Since there is no complete dictionary for most type of biological entities, apart from this some phrases can refer to two different things depending on the context. A known fact is that biological entities have more than a single name. To top up this is that many biological entities have several multi-words; which complicates the process for defining name boundaries that would overlap the candidate gene.

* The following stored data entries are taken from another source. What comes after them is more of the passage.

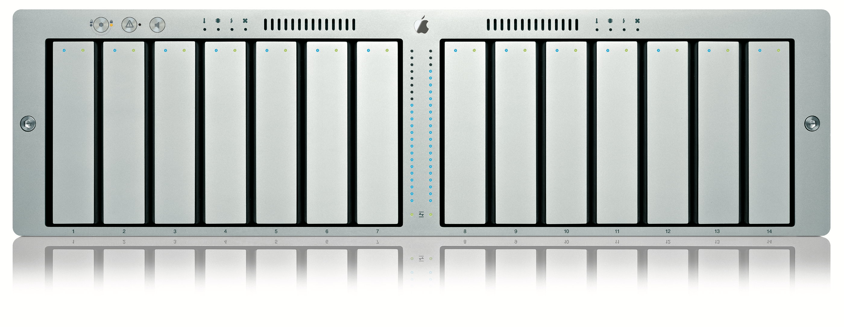 Dans le même temps, Apple avait présenté un système de stockage destiné à accompagner le serveur : le Xserve RAID. De quoi stocker jusqu’à 3.5 Tb de données réparties sur 14 disques durs à la norme ATA/100, ou grimper à plus de 200 Mbits/s en RAID. À l’époque, ça faisait rêver, pour seulement 10,999 dollars pour la version la mieux équipée.
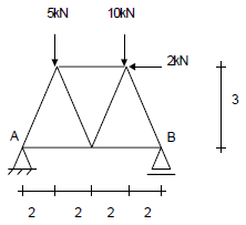 Para a treliça abaixo as reações de apoio, Ha, Va e Vb , em kN, são, respectivamente:
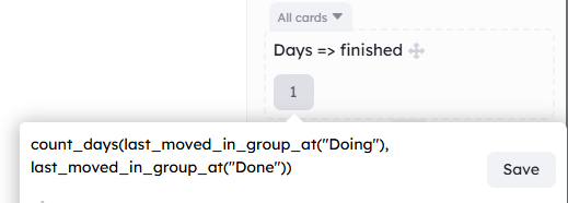 started at: when a card has a state of in progress, the date at which it was started.finished at: when a card has a state of dropped, completed or closed, the date at which it was finished.resolution time: the time between finished at and started atarchived: if the card is archived (yes/no value:archived=yes)archived at: archive date ex : {archived at}>=”2025-01-03”parent: parent card id (used in query like{parent} in {relationship field 1}or{parent}=#14)-
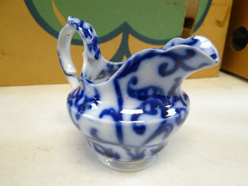 Regarding the tall jugs, the tall white one has a chip along the spout, no other issues. The shorter darker jug looks good, no problems.
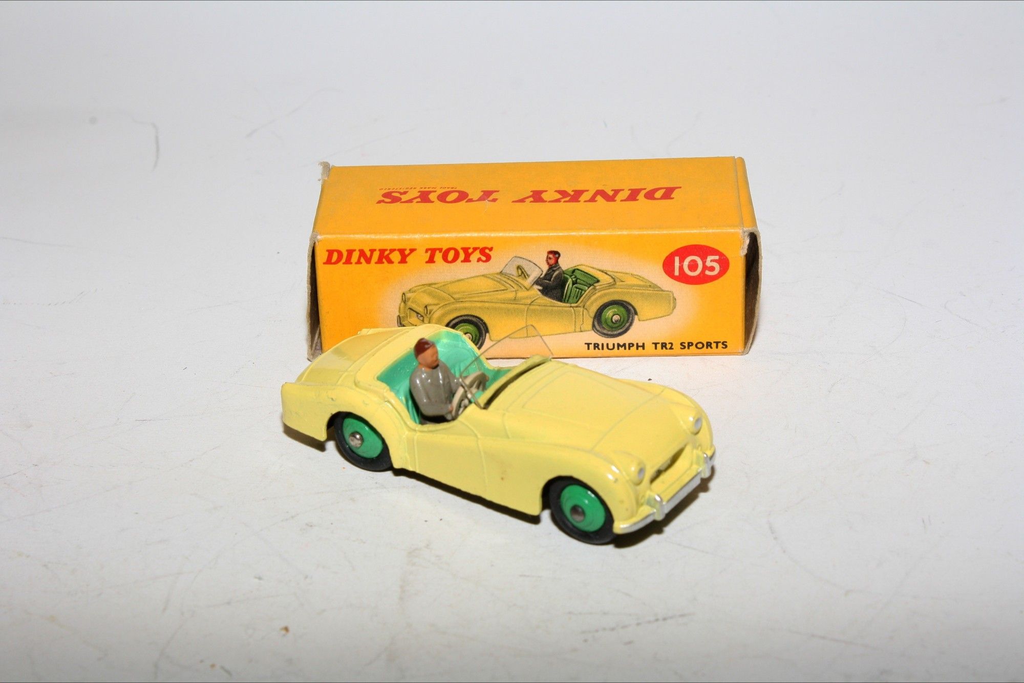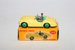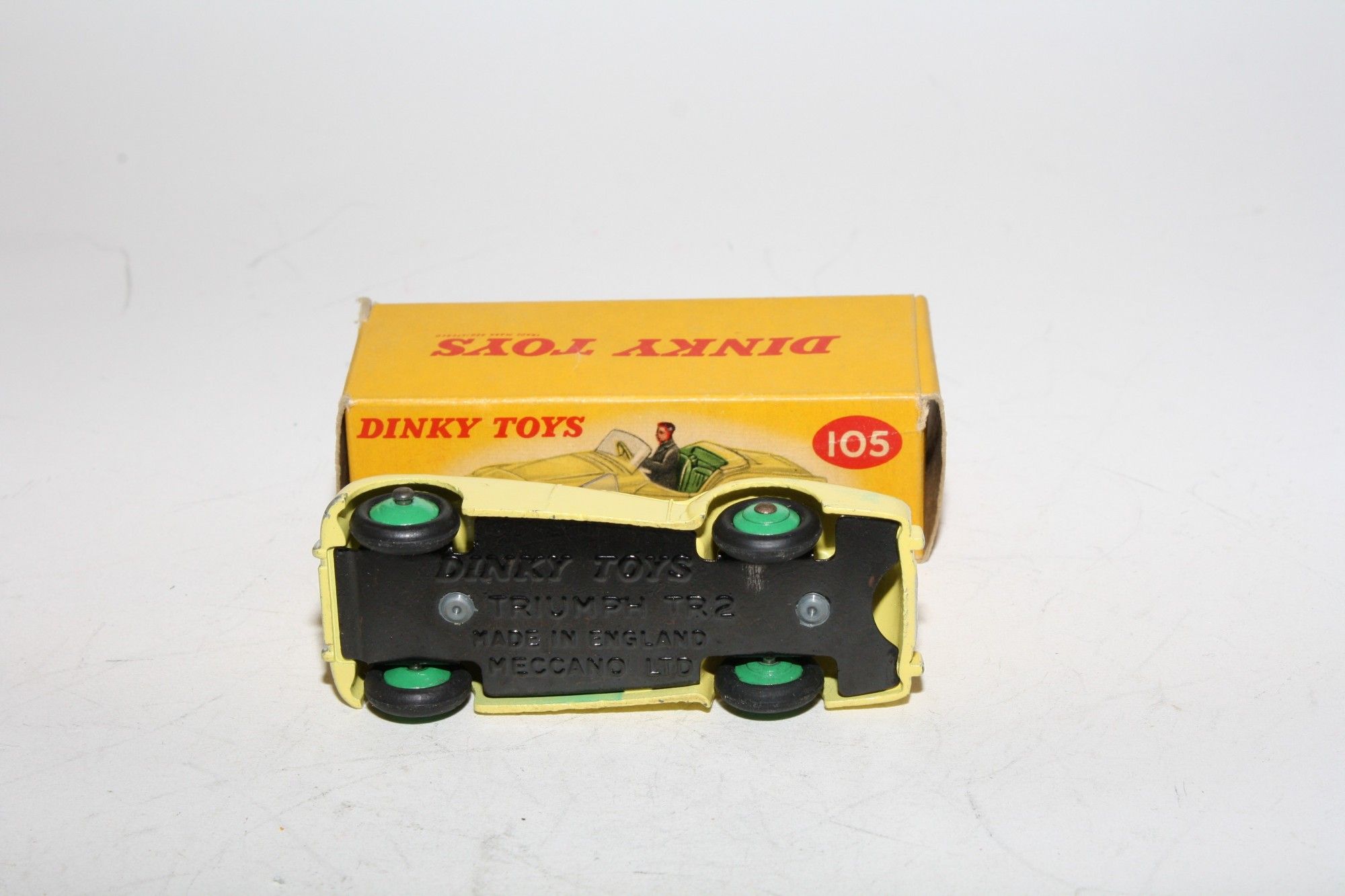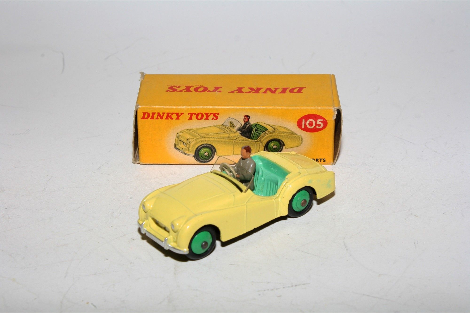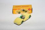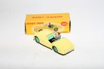 A superb original example of this 1950's Dinky. Part of a wonderful collection recently acquired from a client in Italy. Scarce colour variation. Gleaming original yellow paintwork, pale green interior and mid green hubs is near mint with a few fleabites, please study the photos for exact condition. Perfect original tyres on ridged hubs, straight axles, crystal clear original windscreen, perfect grey driver and ivory steering wheel with mint tin baseplate.
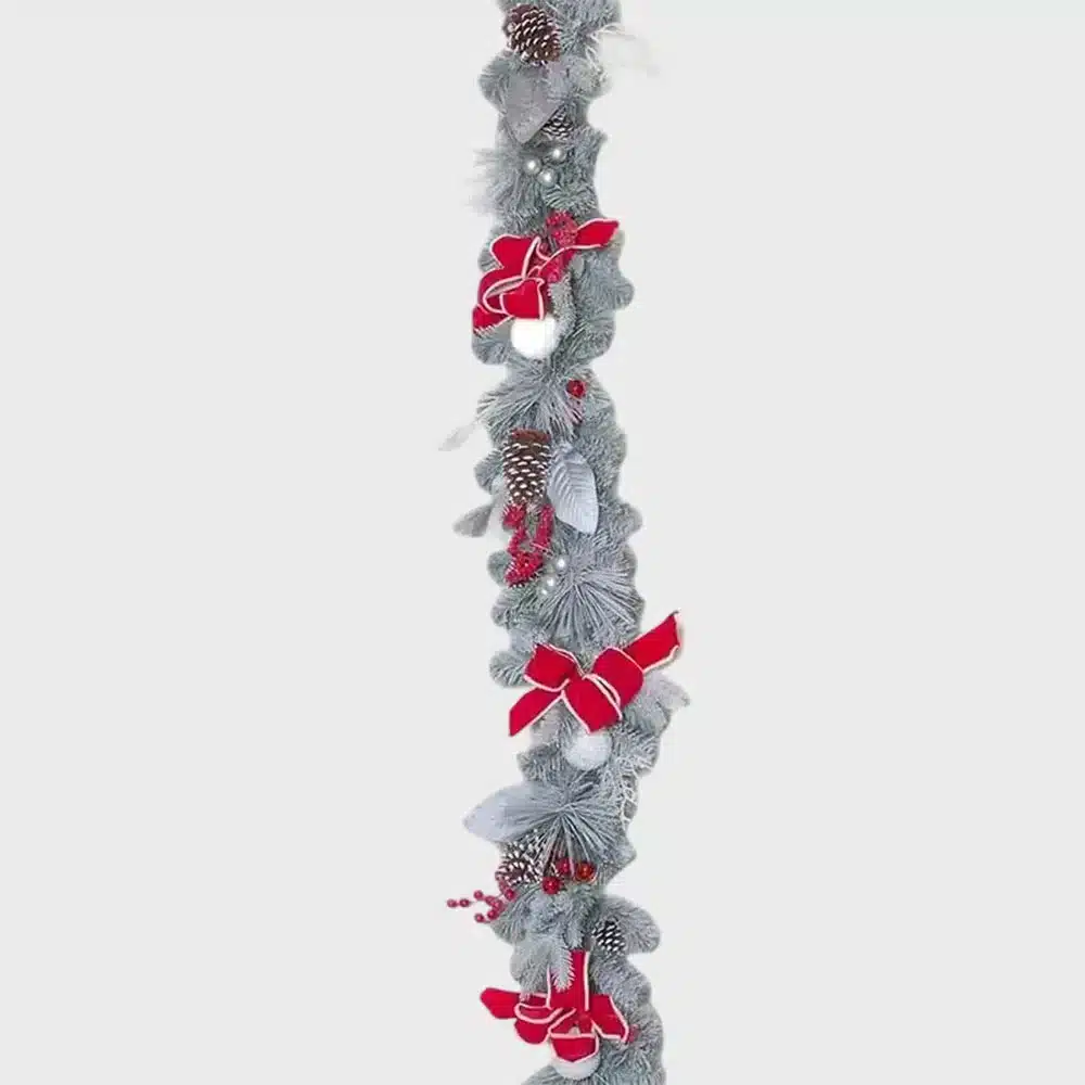 • Includes red ribbons, frosted baubles, pine cones and berries for a full festive look.
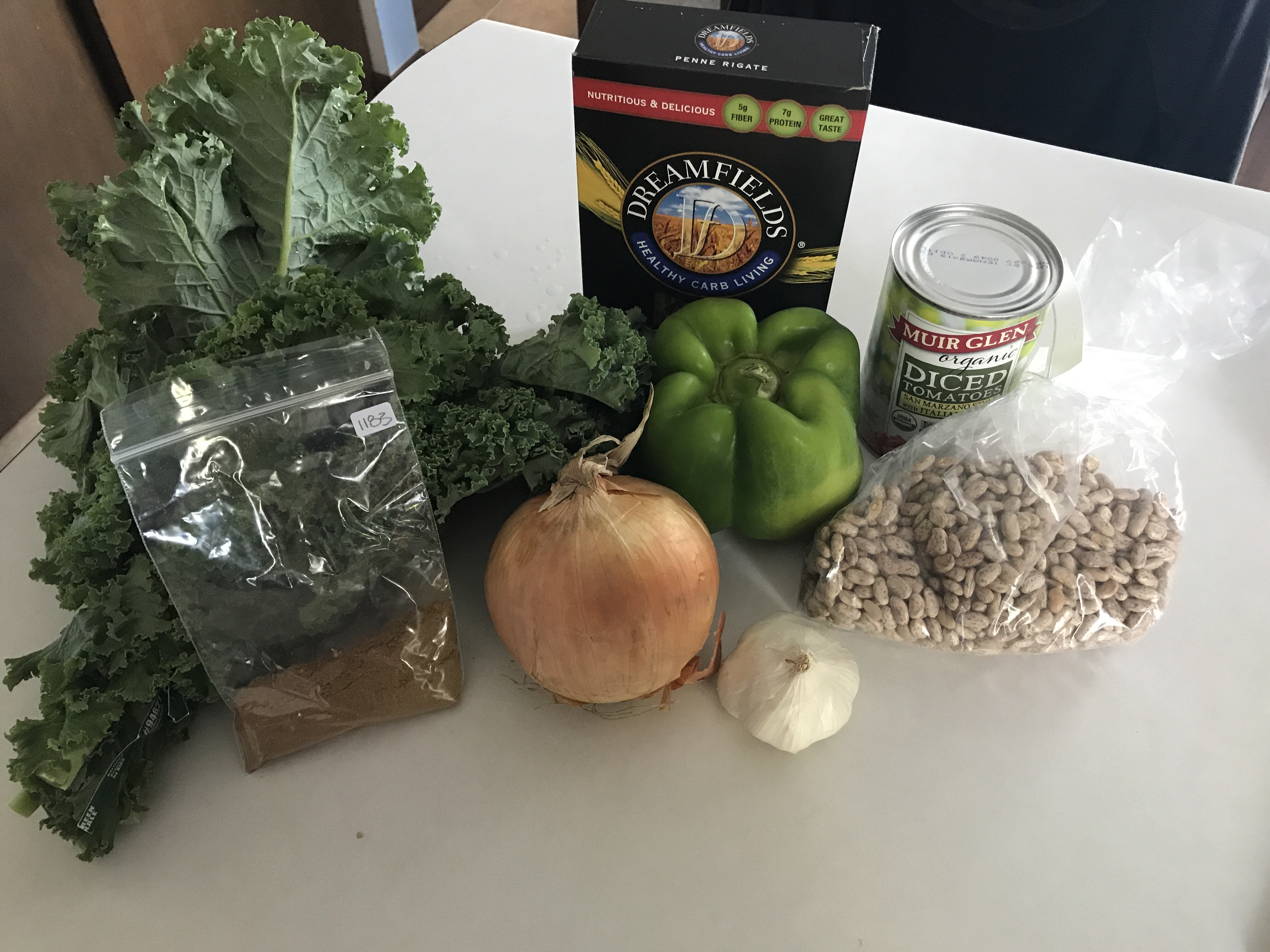Pictured above are all the ingredients I used except the pinto beans (2 hours to cook- not tonight).
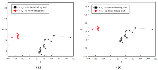 Movement track of CH4 in drilling fluid: (a) X-Y plane; (b) X-Z plane.

Text Classification attempts to automatically determine if the articles have the characteristics of the search performed.Extract information relating to the search.Applying them to candidate using decision making process.Giving results related to the query, thus helping retrieve connected information pertaining to the query


Synonym And Abbreviation
There has been a tremendous growth seen in the biological terminologies seen accompanied with the increase in biological literature. Complicating this is that many biological entities have multiple names and abbreviation. By including these synonyms and abbreviations in the search would result in higher efficiency of the text mining tool. This is one area which has been developed recently, and improvements are being made. One such would be by collecting these synonyms and abbreviation to aid the user to perform literature searches.

Relationship Extraction
This helps in detecting specific relationship between a pair of named entities or more. Though the entities are related and specific, the relationship established between the two might be either very specific or general. Depending on the type of entity; the extraction of relationship between them is found on text. This helps to uncover the preciously unrecognized relationship between the two entities.

Future Challenges
From all of the foregoing, it is clear that biomedical text mining has great potential. It is indeed a sad state that potential is yet unrealized. Text-mining tools are not part of the standard arsenal of the biomedical researcher in the way that search engines and sequence alignment tools are. The major challenge for the next 5–10 years of text-mining work is the creation of text-mining tools to provide a clear benefit to these researchers, allowing them to be more productive given increasing challenges due to information growth. The focus must be more on helping biomedical researchers to solve real-world problems that are inhibiting the pace of research and less on evaluations based on system output independent of meeting user needs. Advances on several fronts are necessary for this to become a reality.